### Aim of the exercise:
Leave the pictures out and reproduce, exactly, the lines from the one with "Una joven mujer" through the end of the entries below.

### Materials provided:
·····

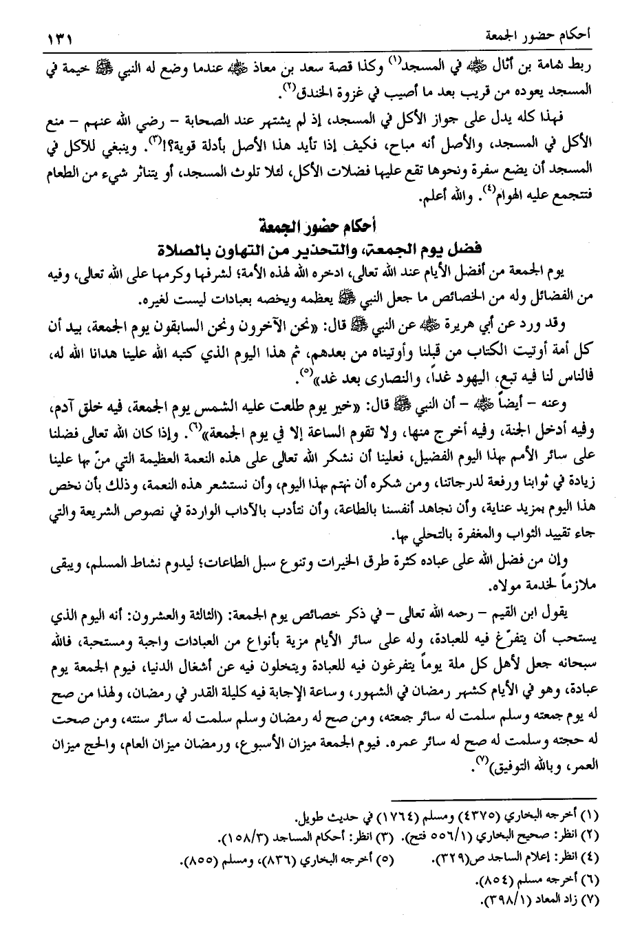 وعنه -أيضًا رضي الله عنه- أن النبي -صَلَّى اللَّهُ عَلَيْهِ وَسَلَّمَ- قال: "خير يوم طلعت عليه الشمس يوم الجمعة، فيه خلق آدم، وفيه أدخل الجنة، وفيه أخرج منها، ولا تقوم الساعة إلا في يوم الجمعة" (¬6). وإذا كان الله تعالى فضلنا على سائر الأمم بهذا اليوم الفضيل، فعلينا أن نشكر الله تعالى على هذه النعمة العظيمة التي منّ بها علينا زيادة في ثوابنا ورفعة لدرجاتنا، ومن شكره أن نهتم بهذا اليوم، وأن نستشعر هذه النعمة، وذلك بأن نخص هذا اليوم بمزيد عناية، وأن نجاهد أنفسنا بالطاعة، وأن نتأدب بالآداب الواردة في نصوص الشريعة والتي جاء تقييد الثواب والمغفرة بالتحلي بها.
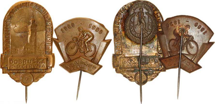 Dobruška - Podorlicko cyklistickému praporu "1" 8.-9. června 1935 sign.: Pichl bronz.plech 28x41 mm, nepův. jehla 2/ Praha II. - "K.C. VPŘED" 1900-1930, jedoucí cyklista zleva bronz. plech trojúh. tvaru 29x29 mm jehlla
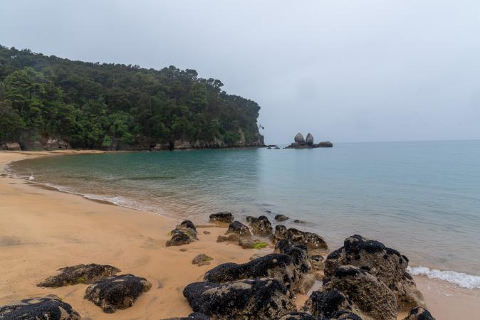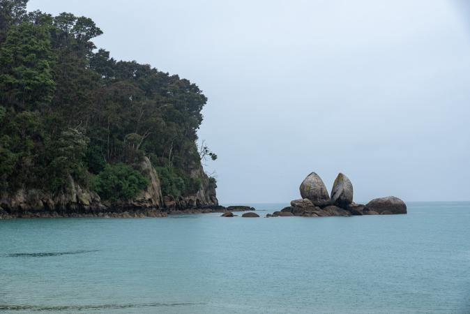 Vendredi 3 novembre : debout à 7h45. Pour changer, il pleut. On part vers 9h30 direction Split Apple Rock. On y est en une demi-heure. Il faut se garer sur la route. On met les pantalons de pluie et les impers et on prend ensuite un sentier dans la forêt qui descend jusqu'à la mer. La plage de sable clair et l'eau turquoise sont magnifiques.
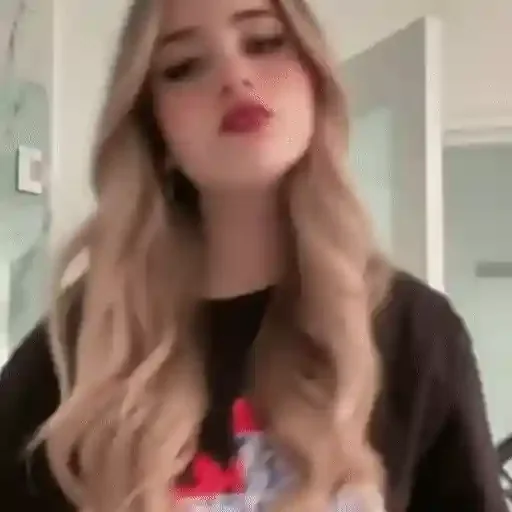 Una joven mujer rubia con los ojos cerrados y una expresión serena, vistiendo una blusa negra con detalles en rojo y gris.
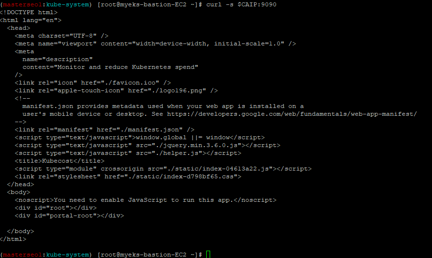 # kubecost-cost-analyzer 파드 IP변수 지정 및 접속 확인

·····

### Finished exercise:
 Una joven mujer rubia con los ojos cerrados y una expresión serena, vistiendo una blusa negra con detalles en rojo y gris.
 # kubecost-cost-analyzer 파드 IP변수 지정 및 접속 확인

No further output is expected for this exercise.